• **EXERCISE AIM**
Repeat the listing below exactly. Pictures do not belong in the copy.

• **AVAILABLE DATA**
= Beginning of Section =
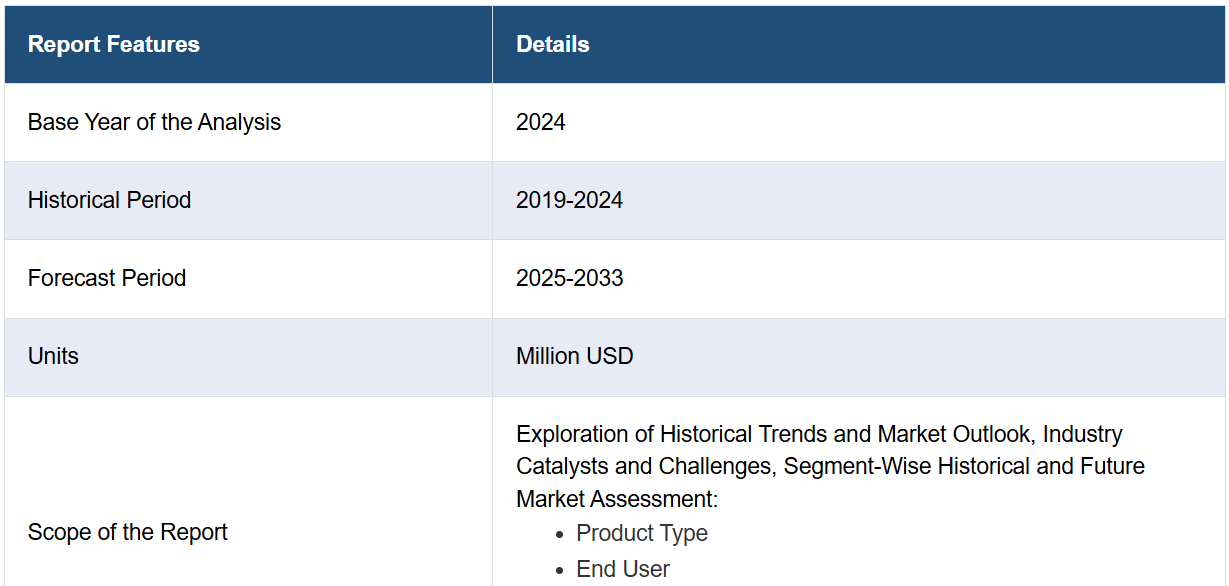 IMARC Group은 시장 각 부문의 주요 동향 분석과 함께 2025-2033년 국가별 전망을 제공합니다. 본 보고서는 제품 유형 및 최종 사용자 기준으로 시장을 분류하였습니다.
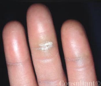 A 38-year-old African American man presented with a 10-year history of a solitary “wart” that had not responded to over-the-counter acid treatments. No other lesions were noted on the patient. Based on the clinical appearance, punctate porokeratosis was diagnosed.
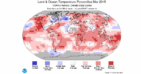Ο Μάρτιος του 2015, και συνολικά το πρώτο τρίμηνο του έτους, ήταν τα θερμότερα για τον πλανήτη από το 1880, οπότε υπάρχουν επίσημα καταγεγραμμένα στοιχεία. Παράλληλα, η έκταση των πάγων στην Αρκτική ήταν μικρότερη από ποτέ για το μήνα Μάρτιο.
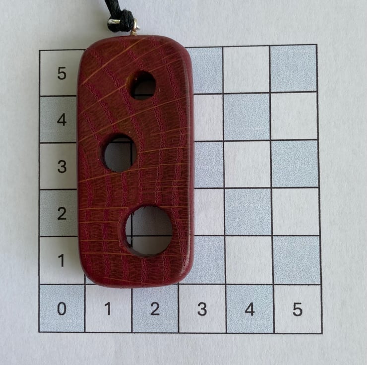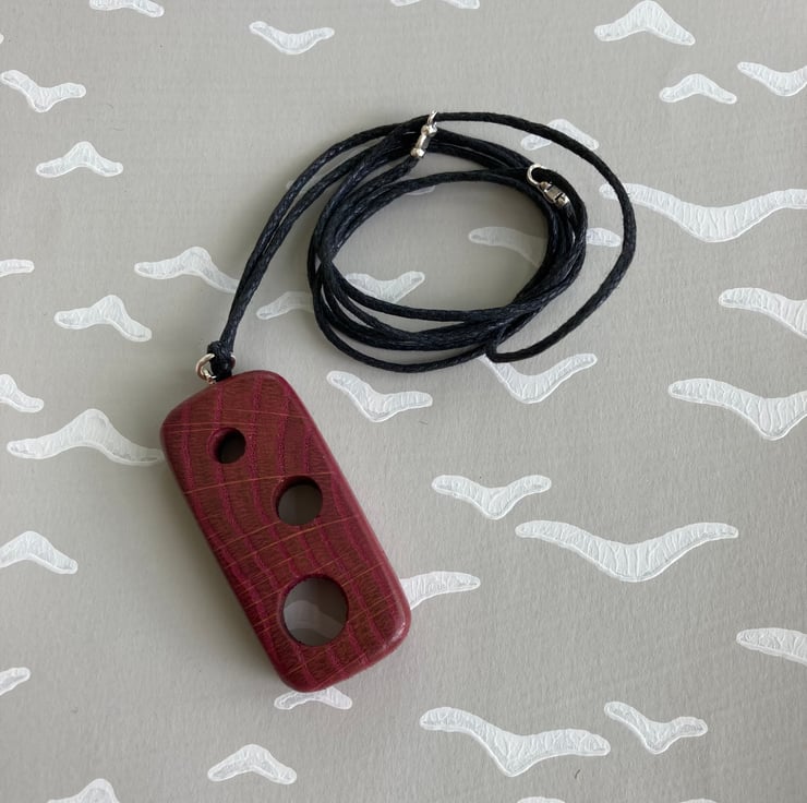 A handmade wooden pendant using oak with a pink stain with a hard wax satin polish. The stain gives it a unique look which highlights the rays in the oak. The pendant is rectangular, roughly 5cm x 2.2cm x 0.8cm. It has three different sized off centre holes and gentle rounded edges.
= End of Section =
• **ANSWER BELOW**
 IMARC Group은 시장 각 부문의 주요 동향 분석과 함께 2025-2033년 국가별 전망을 제공합니다. 본 보고서는 제품 유형 및 최종 사용자 기준으로 시장을 분류하였습니다.
 A 38-year-old African American man presented with a 10-year history of a solitary “wart” that had not responded to over-the-counter acid treatments. No other lesions were noted on the patient. Based on the clinical appearance, punctate porokeratosis was diagnosed.
Ο Μάρτιος του 2015, και συνολικά το πρώτο τρίμηνο του έτους, ήταν τα θερμότερα για τον πλανήτη από το 1880, οπότε υπάρχουν επίσημα καταγεγραμμένα στοιχεία. Παράλληλα, η έκταση των πάγων στην Αρκτική ήταν μικρότερη από ποτέ για το μήνα Μάρτιο.
 A handmade wooden pendant using oak with a pink stain with a hard wax satin polish. The stain gives it a unique look which highlights the rays in the oak. The pendant is rectangular, roughly 5cm x 2.2cm x 0.8cm. It has three different sized off centre holes and gentle rounded edges.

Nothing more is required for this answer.